The LANDFIRE (LF) Program began because of increased concern about the number, severity, and size of wildland fires and the need for consistent national biological/ecological inventory data. Over the past decade, LF data have become a critical piece to wildland fire and fuels treatment research, modeling, and planning tools as well as operational support for wildland fire management. LF data are crucial to fire modeling to support both operational decision making and fuels planning.
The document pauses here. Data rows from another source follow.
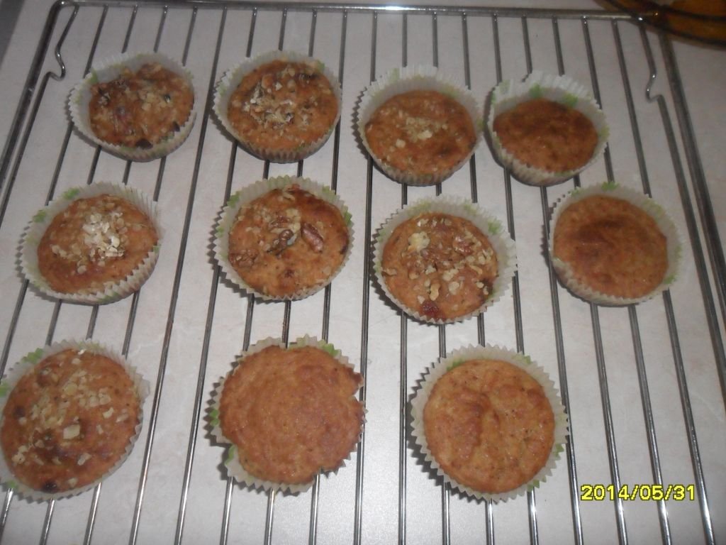 Направих бананови мъфини -  компилация от рецептата дадена от  Бубу и една рецепта от нета, която намерих. Направих я с бяло брашно и елдено, без ленено. Нещо май глетави ми се получиха и доста ги пекох. Сега като поизстинаха май са по -добре. Важното е, че малката ги хапва сладко  в момента. Simple Smile
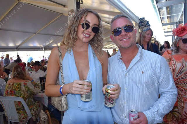 Brooklyn Favero and Cam Giddings enjoyed the afternoon catching up with friends and soaking up the atmosphere trackside.
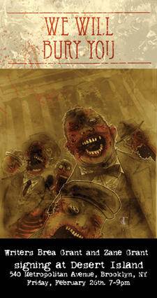 Brea Grant (Heroes, Halloween II) and Zane Austin Grant sign the first issue of their historical horror comic We Will Bury You at Desert Island Comics in Brooklyn on Friday, February 26th from 7-9pm. Brea said on her blog that she will only be there for the first hour so show up early.

LF as a program produces national scale, spatial products that represents the best available contiguous data for the United States. LF data characterize the current states of vegetation, fuels, fire regimes, and disturbances. Additional products include reference data, land management activities databases, and ecological models.
While many of the products are inputs to downstream LF products that are critical to wildland fire management (e.g. fuels, fire regimes), many of the upstream products (e.g. vegetation, cover, height) are also valued as standalone products for natural resource managers and researchers. LF is an important suite of data beyond wildland fire management. One example of expanded use of LF data is the Appalachian Trail decision support system (A.T. DSS). The A.T. DSS is an ecological monitoring tool used by agencies responsible for the management of the Appalachian Trail. LF vegetation data was used in the development of this tool.
The value of LF is not lost on the public and the federal and state agencies that use the data. Nothing demonstrates this better than reading about some of the uses of LF data or visiting the LF Web Hosted Applications Map.